Un gruppo di familiari di persone decedute segnalava che, sei mesi e sei giorni dopo il sisma, le salme venivano collocate prima nella cella frigorifera e da lì in una tenda blu come tutte le altre. Il giorno successivo l’Asl, in forma ufficiale, annunciava l’imminente chiusura della tenda-obitorio attraverso la firma di una determinazione dirigenziale che disponeva l’acquisizione, in affitto, di strutture prefabbricate dove sistemare le nuove camere ardenti. Nell’ordine, che l’Asl dava in partenza con data 14 ottobre, erano previste sei postazioni per la veglia, oltre a stanze per la vestizione e per l’espianto delle cornee, per complessivi 150 metri quadrati. Secondo gli accordi, entro 10 giorni la ditta individuata avrebbe affittato i container «per un periodo breve», come precisò l’Asl, «perché entro 4-5 mesi sarà ristrutturato il vecchio edificio», destinato a essere riadattato in quanto danneggiato non in maniera irrimediabile. Ma da allora non si è mosso più nulla. «I lavori all’interno della struttura vanno avanti lentamente», spiega un familiare, «mentre la camera ardente continua a stare all’aperto. Nessuno ha pensato di adattare un locale agibile al chiuso».

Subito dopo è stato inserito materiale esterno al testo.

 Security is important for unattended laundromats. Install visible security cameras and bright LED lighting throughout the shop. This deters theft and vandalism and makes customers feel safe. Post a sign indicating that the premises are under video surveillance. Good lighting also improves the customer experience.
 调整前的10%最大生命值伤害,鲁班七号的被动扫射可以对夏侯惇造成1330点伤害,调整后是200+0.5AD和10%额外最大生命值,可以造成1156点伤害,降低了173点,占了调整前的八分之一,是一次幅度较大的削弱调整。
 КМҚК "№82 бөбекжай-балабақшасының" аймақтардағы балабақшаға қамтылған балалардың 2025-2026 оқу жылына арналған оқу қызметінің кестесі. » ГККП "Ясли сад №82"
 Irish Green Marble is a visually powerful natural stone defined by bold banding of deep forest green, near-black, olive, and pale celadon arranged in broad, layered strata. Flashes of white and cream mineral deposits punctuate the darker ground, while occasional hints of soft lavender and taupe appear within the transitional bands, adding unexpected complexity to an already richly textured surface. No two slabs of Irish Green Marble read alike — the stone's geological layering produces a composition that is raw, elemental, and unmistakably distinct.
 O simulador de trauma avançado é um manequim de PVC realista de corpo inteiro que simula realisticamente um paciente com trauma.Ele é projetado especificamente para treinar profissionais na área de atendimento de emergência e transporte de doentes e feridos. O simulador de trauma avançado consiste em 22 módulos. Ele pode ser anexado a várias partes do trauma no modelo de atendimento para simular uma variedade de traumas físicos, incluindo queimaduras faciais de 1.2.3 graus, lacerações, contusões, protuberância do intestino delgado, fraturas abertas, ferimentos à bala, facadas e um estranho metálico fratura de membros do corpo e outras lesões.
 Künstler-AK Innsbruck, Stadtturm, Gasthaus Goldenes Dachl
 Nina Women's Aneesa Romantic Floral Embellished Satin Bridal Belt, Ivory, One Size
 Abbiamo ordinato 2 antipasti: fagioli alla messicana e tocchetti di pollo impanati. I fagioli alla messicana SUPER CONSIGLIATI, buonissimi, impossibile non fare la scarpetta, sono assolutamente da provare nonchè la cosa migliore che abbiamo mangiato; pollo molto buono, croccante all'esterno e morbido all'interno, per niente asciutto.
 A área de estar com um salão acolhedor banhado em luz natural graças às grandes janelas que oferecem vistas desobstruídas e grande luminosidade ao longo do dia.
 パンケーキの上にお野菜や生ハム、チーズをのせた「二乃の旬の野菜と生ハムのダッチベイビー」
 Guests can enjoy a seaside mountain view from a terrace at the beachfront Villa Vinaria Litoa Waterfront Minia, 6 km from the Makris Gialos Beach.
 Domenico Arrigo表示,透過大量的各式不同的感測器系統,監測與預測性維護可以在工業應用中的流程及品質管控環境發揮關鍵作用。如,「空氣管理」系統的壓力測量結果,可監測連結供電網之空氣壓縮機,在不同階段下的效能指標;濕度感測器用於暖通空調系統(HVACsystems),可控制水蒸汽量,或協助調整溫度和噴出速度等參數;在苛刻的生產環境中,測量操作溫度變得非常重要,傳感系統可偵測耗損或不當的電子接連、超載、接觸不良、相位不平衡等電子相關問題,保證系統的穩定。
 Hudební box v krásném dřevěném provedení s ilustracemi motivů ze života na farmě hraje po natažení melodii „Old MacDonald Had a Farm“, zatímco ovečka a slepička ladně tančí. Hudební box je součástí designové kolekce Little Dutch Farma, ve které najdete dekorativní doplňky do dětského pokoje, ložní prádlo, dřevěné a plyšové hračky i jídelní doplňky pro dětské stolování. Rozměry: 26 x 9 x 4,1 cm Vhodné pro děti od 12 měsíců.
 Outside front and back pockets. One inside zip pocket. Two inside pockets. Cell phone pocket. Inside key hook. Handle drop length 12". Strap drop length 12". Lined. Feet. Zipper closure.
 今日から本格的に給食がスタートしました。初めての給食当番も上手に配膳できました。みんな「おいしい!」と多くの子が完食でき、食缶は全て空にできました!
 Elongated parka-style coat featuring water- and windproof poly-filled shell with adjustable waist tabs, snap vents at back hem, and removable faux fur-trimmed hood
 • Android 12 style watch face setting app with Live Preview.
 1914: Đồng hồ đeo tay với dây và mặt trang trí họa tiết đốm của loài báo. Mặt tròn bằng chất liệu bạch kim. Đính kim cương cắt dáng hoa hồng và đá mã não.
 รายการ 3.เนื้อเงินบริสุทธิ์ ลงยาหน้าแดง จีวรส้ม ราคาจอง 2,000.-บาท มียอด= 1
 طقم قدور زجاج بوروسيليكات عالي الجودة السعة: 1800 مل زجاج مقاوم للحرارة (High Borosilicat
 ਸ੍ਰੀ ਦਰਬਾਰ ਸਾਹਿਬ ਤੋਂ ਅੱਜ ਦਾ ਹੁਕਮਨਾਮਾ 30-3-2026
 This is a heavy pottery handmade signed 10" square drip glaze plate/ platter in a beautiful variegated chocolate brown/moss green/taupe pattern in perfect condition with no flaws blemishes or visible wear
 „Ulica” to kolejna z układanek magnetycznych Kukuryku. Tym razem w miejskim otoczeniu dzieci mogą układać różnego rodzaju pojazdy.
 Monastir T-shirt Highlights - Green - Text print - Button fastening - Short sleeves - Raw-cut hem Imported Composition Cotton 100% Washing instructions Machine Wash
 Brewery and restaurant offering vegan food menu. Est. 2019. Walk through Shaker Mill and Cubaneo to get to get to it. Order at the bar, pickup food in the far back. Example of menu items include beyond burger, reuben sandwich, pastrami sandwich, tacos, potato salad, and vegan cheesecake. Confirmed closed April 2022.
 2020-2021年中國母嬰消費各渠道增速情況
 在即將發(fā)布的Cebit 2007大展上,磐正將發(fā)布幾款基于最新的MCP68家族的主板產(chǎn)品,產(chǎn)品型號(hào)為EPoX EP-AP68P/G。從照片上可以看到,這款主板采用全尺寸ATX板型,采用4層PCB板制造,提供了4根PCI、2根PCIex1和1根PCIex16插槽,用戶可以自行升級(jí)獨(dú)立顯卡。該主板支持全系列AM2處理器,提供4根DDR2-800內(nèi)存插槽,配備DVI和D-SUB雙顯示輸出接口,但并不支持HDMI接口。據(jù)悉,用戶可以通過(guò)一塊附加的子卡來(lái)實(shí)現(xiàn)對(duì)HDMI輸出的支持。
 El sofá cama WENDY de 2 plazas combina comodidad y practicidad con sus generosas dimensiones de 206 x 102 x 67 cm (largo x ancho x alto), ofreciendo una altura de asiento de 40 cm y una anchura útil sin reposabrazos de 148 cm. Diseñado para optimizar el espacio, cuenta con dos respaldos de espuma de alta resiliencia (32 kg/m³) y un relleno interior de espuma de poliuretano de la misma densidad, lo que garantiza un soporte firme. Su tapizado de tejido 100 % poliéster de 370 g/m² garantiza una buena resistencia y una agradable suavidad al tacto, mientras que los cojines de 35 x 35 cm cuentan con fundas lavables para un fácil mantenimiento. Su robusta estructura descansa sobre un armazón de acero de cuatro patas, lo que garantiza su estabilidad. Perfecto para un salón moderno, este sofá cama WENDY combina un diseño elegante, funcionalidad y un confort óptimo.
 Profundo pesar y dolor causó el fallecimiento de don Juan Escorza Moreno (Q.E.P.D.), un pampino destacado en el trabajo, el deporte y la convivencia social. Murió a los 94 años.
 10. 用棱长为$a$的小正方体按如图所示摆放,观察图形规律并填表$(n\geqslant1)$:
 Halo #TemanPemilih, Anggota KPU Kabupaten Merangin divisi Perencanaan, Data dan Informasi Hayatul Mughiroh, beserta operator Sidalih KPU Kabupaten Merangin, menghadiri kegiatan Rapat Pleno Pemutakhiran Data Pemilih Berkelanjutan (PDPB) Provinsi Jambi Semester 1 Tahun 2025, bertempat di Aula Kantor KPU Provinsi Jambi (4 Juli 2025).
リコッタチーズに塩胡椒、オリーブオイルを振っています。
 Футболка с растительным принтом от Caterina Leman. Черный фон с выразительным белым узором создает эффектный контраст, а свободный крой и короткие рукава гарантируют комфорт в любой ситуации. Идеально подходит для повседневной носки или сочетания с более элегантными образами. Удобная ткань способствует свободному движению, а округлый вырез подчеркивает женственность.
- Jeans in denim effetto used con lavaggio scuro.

IL DOLORE DEI PARENTI. «All’Aquila, dopo il terremoto, hanno costruito aeroporti, rialzato ponti caduti, realizzato strade e alloggi per migliaia di persone. Ma nessuno ha pensato all’obitorio. E noi parenti siamo addolorati, oltre che indignati, per il trattamento che hanno dovuto sopportare i nostri cari. Questa situazione è indecorosa. L’atteggiamento dei dirigenti dell’Asl nei confronti dell’obitorio evidenzia da un lato inadempienze e ritardi che non trovano giustificazioni e, dall’altro, denota una mancanza di umanità che lascia sconcertati. È l’ennesima mancanza di rispetto nei confronti delle persone morte dopo il terremoto».